Fosdal I, Wettrell G, Christiansen M, Kanters J K, Larsen L A
Barn- och ungdomsmedicinska kliniken, Visby lasarett.
Lakartidningen. 2001 Feb 21;98(8):810-5.
Molecular genetic studies in congenital long QT syndrome have characterized genes and mechanisms of arrhythmias. At least six genes encoding cardiac potassium and sodium ionic channels have been described with several mutations in each gene. The altered function produces abnormal cardiac repolarization seen on ECG as prolongation of the QT-interval and T-wave abnormalities.
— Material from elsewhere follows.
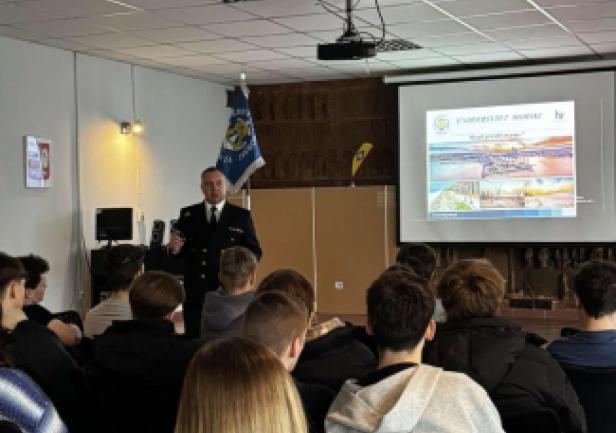 W dniach 12-13.03.2025 r. grupa studentów Kompanii Reprezentacyjnej Uniwersytetu Morskiego w Gdyni wraz z opiekunami udała się do szkół ponadpodstawowych żeglugi śródlądowej w Kędzierzynie-Koźlu oraz Wrocławiu w celu promocji oferty edukacyjnej Uniwersytetu Morskiego w Gdyni oraz przedstawiania bogatej historii i wspaniałych tradycji najstarszej uczelni morskiej w Polsce.

This may increase the propensity for ventricular arrhythmias such as Torsade de Pointe, the cause of unexpected syncope and sudden death in young patients. Clinical manifestations vary depending on the genotype present. Gene-specific therapies have recently been tried. Initial therapy of choice for symptomatic and also asymptomatic children is administration of beta-blockers.
先天性长QT综合征的分子遗传学研究已经明确了心律失常的相关基因和机制。至少有六个编码心脏钾离子和钠离子通道的基因已被描述,每个基因都有几种突变。功能改变会导致心电图上出现异常的心脏复极化,表现为QT间期延长和T波异常。这可能会增加室性心律失常的倾向,如尖端扭转型室速,这是年轻患者意外晕厥和猝死的原因。临床表现因存在的基因型而异。最近已经尝试了基因特异性疗法。有症状和无症状儿童的首选初始治疗方法是使用β受体阻滞剂。